De los diarios de Malcolm Muggeridge, citados por Joseph Pearce en su libro Escritores conversos; Palabra, 2006; pg. 507.

'Visitando a la abuela', de Denis Ichitovkin

‘Visitando a la abuela’, de Denis Ichitovkin

RENDICIÓN INCONDICIONAL

“-…Hubo un tiempo en que yo pensaba que todo lo que necesitaba para ser feliz era irme. Así lo creía nuestro pueblo. Debían huir del mal. Algunos esperaban encontrar un hogar en Palestina. La mayoría se contenta con quedarse en Italia… con tan solo cruzar el mar, como si fuera el Mar Rojo… ¿Hay algún sitio libre del mal? Es demasiado simple decir que solo los nazis querían la guerra. También los comunistas la querían. Era el único modo de que llegaran al poder. Gran parte de mi gente la deseaba igualmente, para vengarse de los alemanes y apresurar la creación de un estado judío. Me parece que había por todas partes como un deseo de guerra, un deseo de morir. Incluso los hombres buenos pensaban que su honor privado se satisfaría por medio de la guerra, que podrían afirmar su virilidad matando y haciéndose matar. Aceptarían las asperezas en compensación por haber sido egoístas y perezosos. El peligro justificaba el privilegio. Conocí a algunos italianos, quizá no muchos, que se sentían así. ¿No los había en Inglaterra?

-Que Dios me perdone -dijo Guy-. Yo fui uno de ésos.

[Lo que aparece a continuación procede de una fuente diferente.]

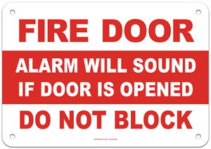 Fire Door Alarm Will Sound if Door is Opened Do Not Block Sign
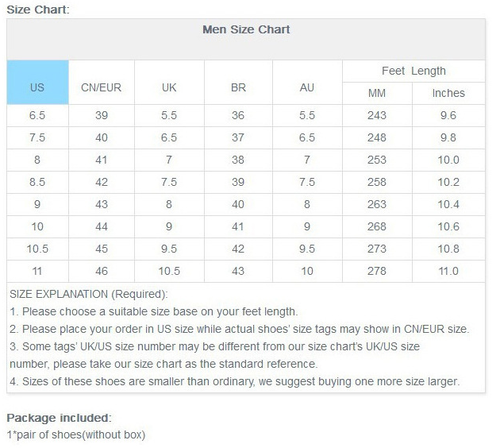 Asian Size : 35,36,37,38,39,40,41,42,43,44,45

Guy había llegado al final de la cruzada a la que se había consagrado junto a la tumba de Sir Roger. Su vida como alabardero había terminado.”

Rendición incondicional, de Evelyn Waugh; Cátedra, 2011; pgs. 407-408.

'El viento del oeste', de Winslow Homer (1891)

‘El viento del oeste’, de Winslow Homer (1891)

MEDIA TARDE

Nú er ég kominn heim
eftir ferðalag um höfin djúp.
Aldan var svo há,
seltan át upp allt.
Ég drukknaði í svartholi,
í dauðans hönd ég tók.
Svo há, hún var svo há,
en tunglið lýsti leið, já tunglið lýsti leið.
Svo há, svo há, alda syndanna, alda syndanna.

[Ahora he regresado a casa // tras un viaje por los mares profundos. // La ola era tan alta, // la sal lo comió todo. // Me hundí en un agujero negro, // me arranqué de las manos de la muerte. // Tan alta, era tan alta, // pero la luna iluminaba un camino, sí la luna iluminaba un camino. // Tan alta, tan alta, la ola de los pecados, la ola de los pecados.]